Construction du pont de Jacqueville : L’Etat reconquiert une île perdue

Le département de Jacqueville, grande région de production de coco et de palmier à huile, avec son fond marin, va vivre un évènement heureux. Le gouvernement a enfin décidé de désenclaver la ville par la construction d’un pont. Les populations tremblent devant ce bonheur.

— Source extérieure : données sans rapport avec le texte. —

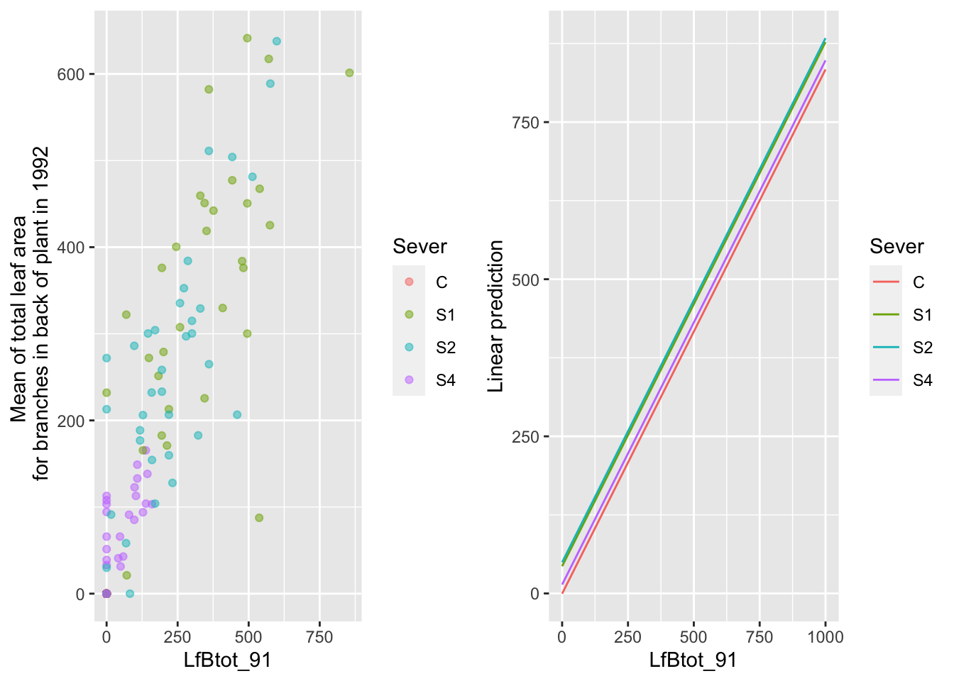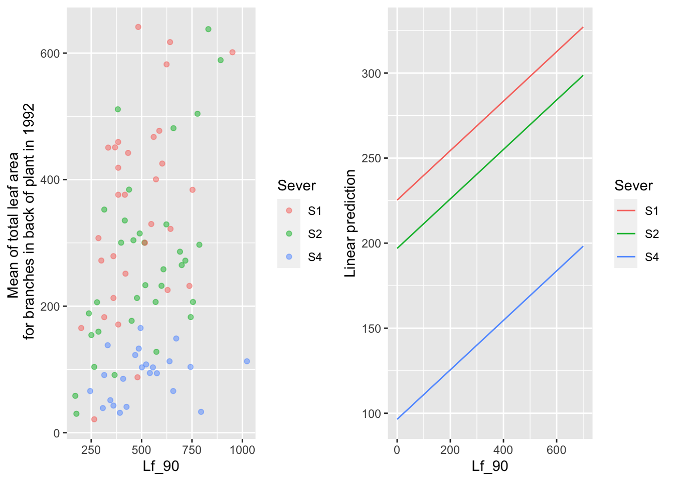g1 <- ggplot(data=mayappleData, aes(x=Lf_90, y=LftotB_92, color=Sever)) +

La première pierre du pont de Jacqueville va être posée aujourd’hui. C’est assurément une nouvelle ère qui s’ouvre pour la région. La localité va enfin sortir de son enclavement. Un isolement qui avait fini par casser l’ardeur des opérateurs à y investir. Les populations vivent l’annonce du projet comme un rêve d’enfant. Certains ne croient toujours pas à sa mise en œuvre effective. Comme Saint Thomas, ils veulent voir, toucher pour s’en convaincre. D’autres ne cachent pas leur fascination devant son irréversibilité. La région vient de loin. Selon les mots du chef de terre, elle a souffert à l’instar de l’orphelin malade. En effet, l’absence de ce pont n’a pas fait qu’accentuer le retard dans le développement socioéconomique mais elle a surtout touché à la cohésion locale. En fait, certains habitants n’ont jamais admis qu’une personnalité de l’envergure de Philippe Yacé, originaire de la région, n’ait pas pu régler ce problème au temps où elle était aux affaires. «C’est ce qui a affaibli le président Yacé dans la région. Une bonne partie de nos parents ne lui ont pas pardonné son incapacité à désenclaver Jacqueville », note Louis Beugré, fonctionnaire au ministère de l’Education nationale, venu prendre part aux préparatifs. «Il faut que tout le monde comprenne que Philippe Yacé et Houphouët-Boigny ont eu un commerce difficile. C’est pourquoi, la ville a été délaissée. Si vous voulez, Jacqueville a payé le prix fort à la rivalité entre les deux personnalités », tente de justifier M.B, planteur à Abrebi, un village lagunaire à une dizaine de kilomètres du chef-lieu.

Le rêve des populations…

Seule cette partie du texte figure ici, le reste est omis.